DATASET ENTRIES START

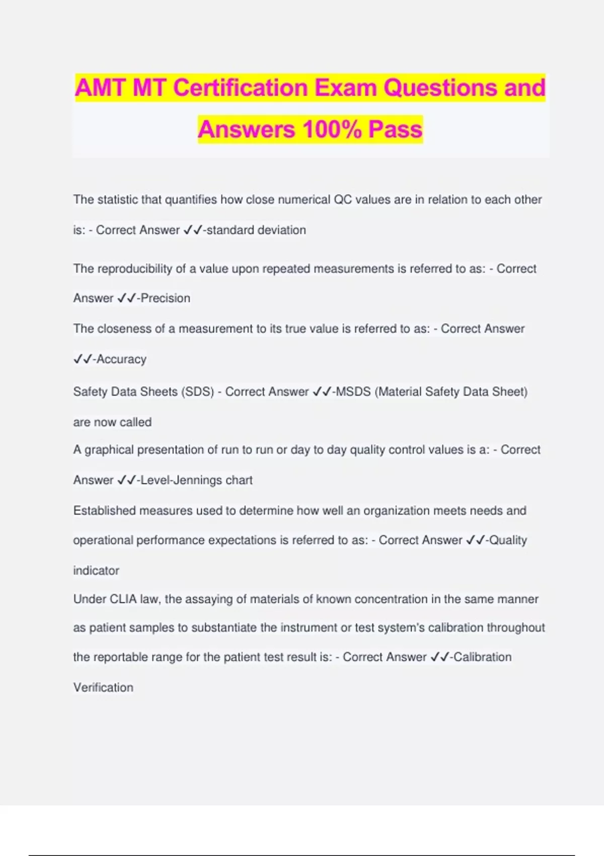 AMT MT Certification Exam Questions and Answers 100% Pass The statistic that quantifies how close numerical QC values are in relation to each other is: - Correct Answer ️️ -standard deviation The reproducibility of a value upon repeated measurements is referred to as: - Correct Answer ️️ -Precision The closeness of a measurement to its true value is referred to as: - Correct Answer ️️ -Accuracy Safety Data Sheets (SDS) - Correct Answer ️️ -MSDS (Material Safety Data Sheet) are now called A graphical presentation of run to run or day to day quality control values is a: - Correct Answer ️️ -Level-Jennings chart Established measures used to determine how well an organization meets needs and operational performance expectations is referred to as: - Correct Answer ️️ -Quality indicator Under CLIA law, the assaying of materials of known concentration in the same manner as patient samples to substantiate the instrument or test system's calibration throughout the reportable range for the patient test result is: - Correct Answer ️️ -Calibration Verification What agency determines the complexity of a lab test system? - Correct Answer ️️ - FDA (Food and Drug Administration) A substance or constituent for which the laboratory conducts testing is: - Correct Answer ️️ -Analyte Policies and procedures that are intended to promote the quality and validity of test data and ensure the reliability and integrity of data generated by analytical laboratories. - Correct Answer ️️ -Good Clinical Laboratory Practice (GCLP) Concentration of antigen (analyte) exceeds the amount of the antibody present in the reaction. - Correct Answer ️️ -Hook effect Electrophoresis support material that separates proteins on the basis of charge and molecular size - Correct Answer ️️ -polyacrylamide gel An immunoassay methodology using either europium or phyconiliproteins would use which detection method? - Correct Answer ️️ -Fluorometer Instrument that ionizes the target molecule then separates and measured the mass-to- charge ratio. - Correct Answer ️️ -Mass Spectrometer Prevents the coagulation by inhibiting coagulation. - Correct Answer ️️ -Chelation of Calcium in EDTA tube Which label used in detection of electrochemiluminescence? - Correct Answer ️️ - Ruthenium III Key membrane component for potassium selective electrode. - Correct Answer ️️ - Valinomycin POCT devices use a variety of analytical principles such as reflectance, spectrometry, fluorescence, and _________. - Correct Answer ️️ -PCR Measurement of the decrease of intensity of an incident light beam as it passes through a solution of particles defines which of the following methods? - Correct
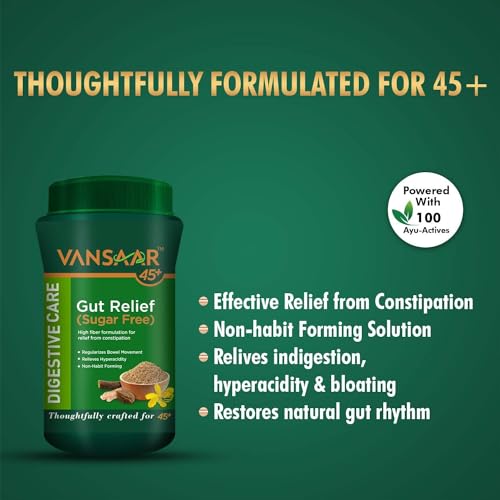 Vansaar Gut Relief is a high fiber ayurvedic digestion supplement for fast (overnight) and effective relief from constipation as it acts as a natural stool softener and helps get natural relief from hard stool constipation. Gut Relief powder helps in regularizing bowel movement and brings relief from hyperacidity indigestion abdominal bloating and gas. It is a sugar-free ayurvedic non-habit forming formulation made with Isabgol Senna leaves Ajwain Choti Harre Amaltas Mulethi & Sonth.
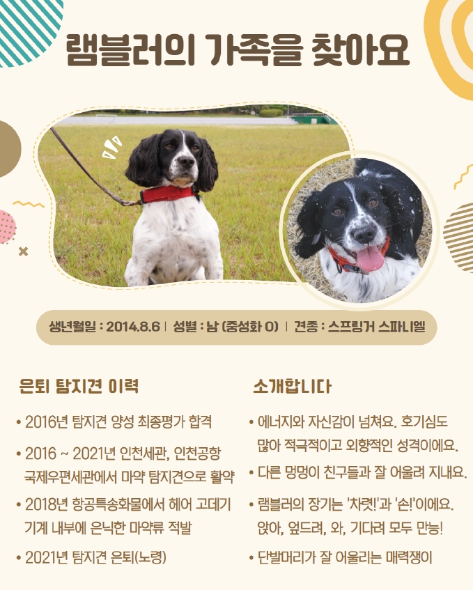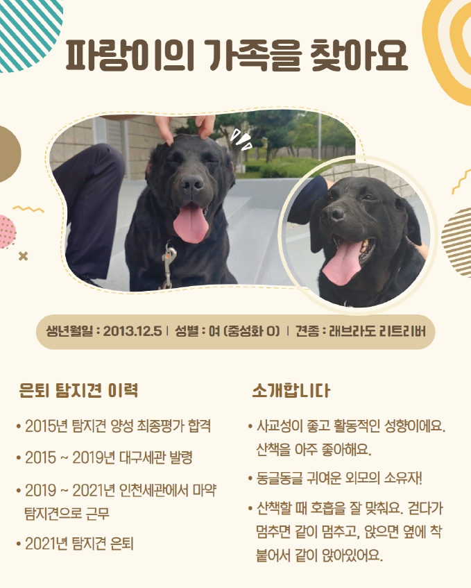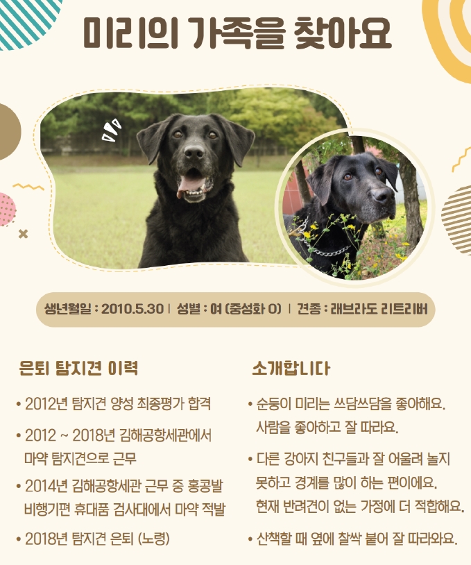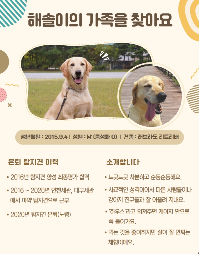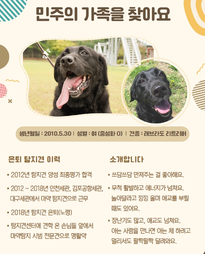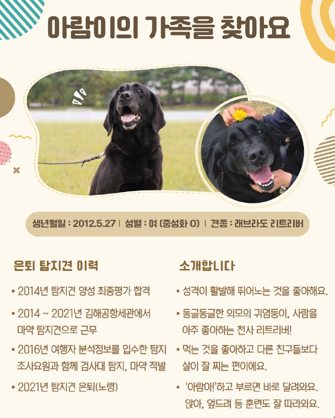 관세청 마약탐지 은퇴견은 나이가 다소 많지만, 친화력이 뛰어나고 영리해 현역시절 많은 활약을 보여줬고, 훈련 교관과 탐지조사요원 뿐만 아니라 현장에서 일하는 세관 직원의 사랑을 듬뿍 받아왔다.
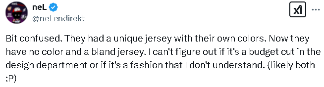 CS记者neL:有点困惑。他们曾经有一款独特的队服,配有自己的色彩。现在却没有颜色,设计也显得单调。我不知道这是不是设计部门的预算削减,还是我无法理解的时尚潮流。(可能两者都有 :P)
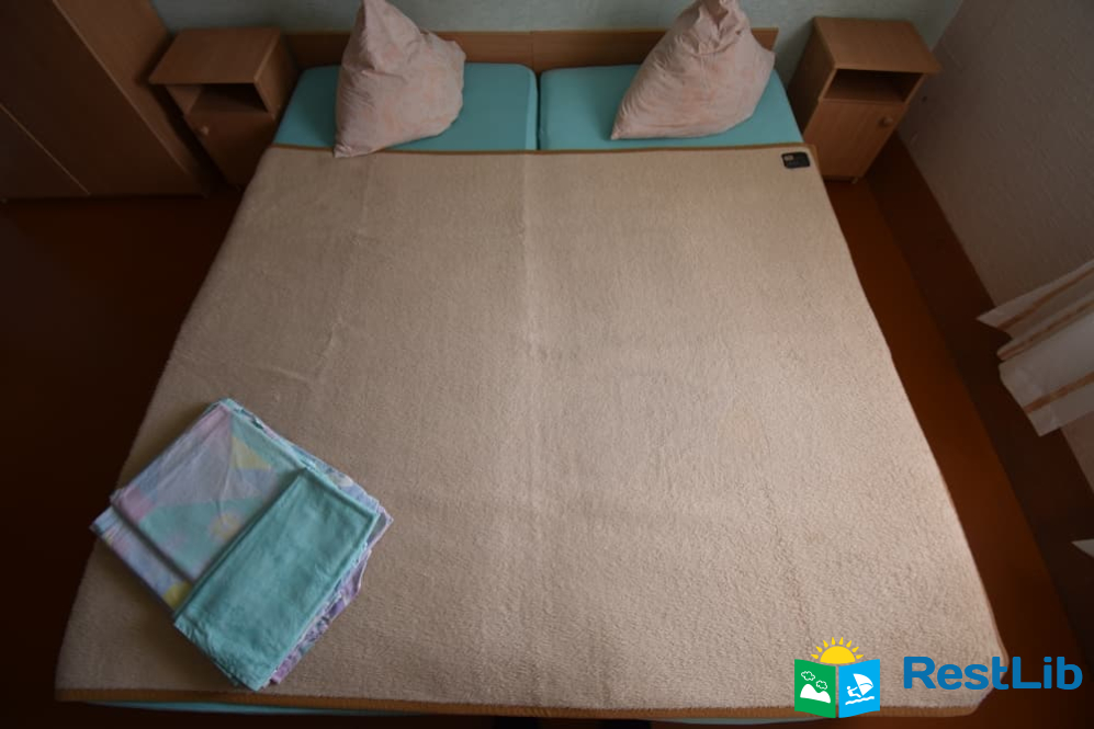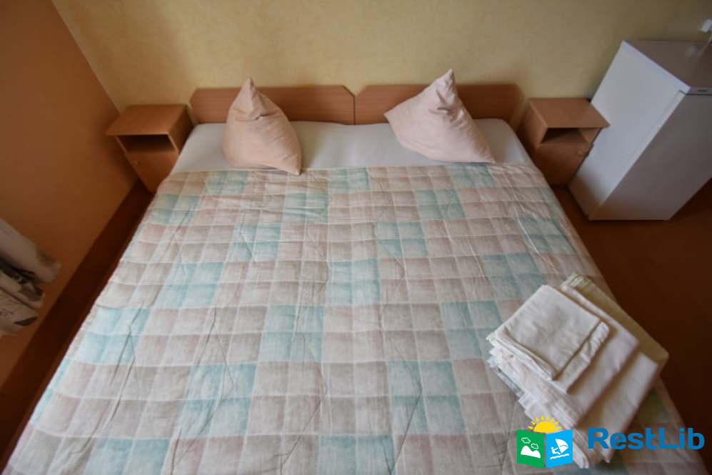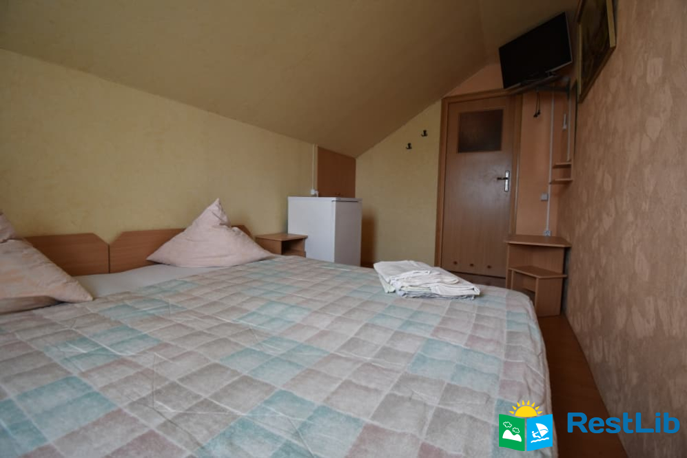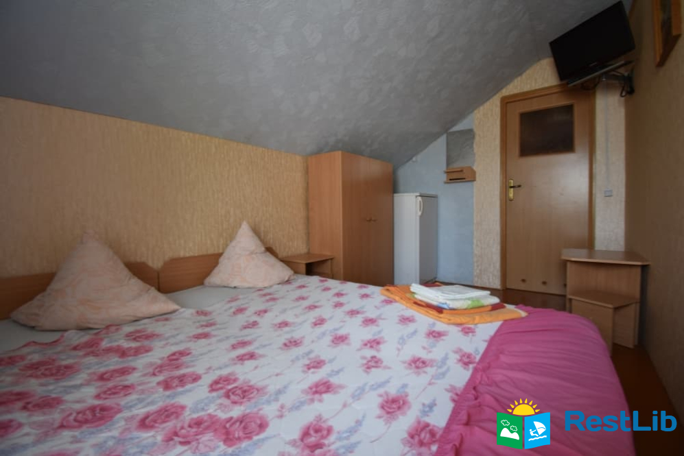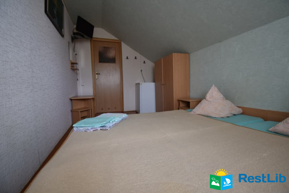 Загальна кількість номерів : 1 Перший поверх будинку 2. В номері: два двоспальних ліжка + розкладний диван, телевізор, холодильник, шафа, постільна білизна. Санвузол (душ, туалет, умивальник) -загальний на 3 кімнати з окремим входом. Кухня - загальна на 3 кімнати.

DATASET ENTRIES END

**TASK PROMPT**
Each record above, in full: return it exactly, pictures excluded.

**EXPECTED ANSWER**
 AMT MT Certification Exam Questions and Answers 100% Pass The statistic that quantifies how close numerical QC values are in relation to each other is: - Correct Answer ️️ -standard deviation The reproducibility of a value upon repeated measurements is referred to as: - Correct Answer ️️ -Precision The closeness of a measurement to its true value is referred to as: - Correct Answer ️️ -Accuracy Safety Data Sheets (SDS) - Correct Answer ️️ -MSDS (Material Safety Data Sheet) are now called A graphical presentation of run to run or day to day quality control values is a: - Correct Answer ️️ -Level-Jennings chart Established measures used to determine how well an organization meets needs and operational performance expectations is referred to as: - Correct Answer ️️ -Quality indicator Under CLIA law, the assaying of materials of known concentration in the same manner as patient samples to substantiate the instrument or test system's calibration throughout the reportable range for the patient test result is: - Correct Answer ️️ -Calibration Verification What agency determines the complexity of a lab test system? - Correct Answer ️️ - FDA (Food and Drug Administration) A substance or constituent for which the laboratory conducts testing is: - Correct Answer ️️ -Analyte Policies and procedures that are intended to promote the quality and validity of test data and ensure the reliability and integrity of data generated by analytical laboratories. - Correct Answer ️️ -Good Clinical Laboratory Practice (GCLP) Concentration of antigen (analyte) exceeds the amount of the antibody present in the reaction. - Correct Answer ️️ -Hook effect Electrophoresis support material that separates proteins on the basis of charge and molecular size - Correct Answer ️️ -polyacrylamide gel An immunoassay methodology using either europium or phyconiliproteins would use which detection method? - Correct Answer ️️ -Fluorometer Instrument that ionizes the target molecule then separates and measured the mass-to- charge ratio. - Correct Answer ️️ -Mass Spectrometer Prevents the coagulation by inhibiting coagulation. - Correct Answer ️️ -Chelation of Calcium in EDTA tube Which label used in detection of electrochemiluminescence? - Correct Answer ️️ - Ruthenium III Key membrane component for potassium selective electrode. - Correct Answer ️️ - Valinomycin POCT devices use a variety of analytical principles such as reflectance, spectrometry, fluorescence, and _________. - Correct Answer ️️ -PCR Measurement of the decrease of intensity of an incident light beam as it passes through a solution of particles defines which of the following methods? - Correct
 Vansaar Gut Relief is a high fiber ayurvedic digestion supplement for fast (overnight) and effective relief from constipation as it acts as a natural stool softener and helps get natural relief from hard stool constipation. Gut Relief powder helps in regularizing bowel movement and brings relief from hyperacidity indigestion abdominal bloating and gas. It is a sugar-free ayurvedic non-habit forming formulation made with Isabgol Senna leaves Ajwain Choti Harre Amaltas Mulethi & Sonth.
 관세청 마약탐지 은퇴견은 나이가 다소 많지만, 친화력이 뛰어나고 영리해 현역시절 많은 활약을 보여줬고, 훈련 교관과 탐지조사요원 뿐만 아니라 현장에서 일하는 세관 직원의 사랑을 듬뿍 받아왔다.
 CS记者neL:有点困惑。他们曾经有一款独特的队服,配有自己的色彩。现在却没有颜色,设计也显得单调。我不知道这是不是设计部门的预算削减,还是我无法理解的时尚潮流。(可能两者都有 :P)
 Загальна кількість номерів : 1 Перший поверх будинку 2. В номері: два двоспальних ліжка + розкладний диван, телевізор, холодильник, шафа, постільна білизна. Санвузол (душ, туалет, умивальник) -загальний на 3 кімнати з окремим входом. Кухня - загальна на 3 кімнати.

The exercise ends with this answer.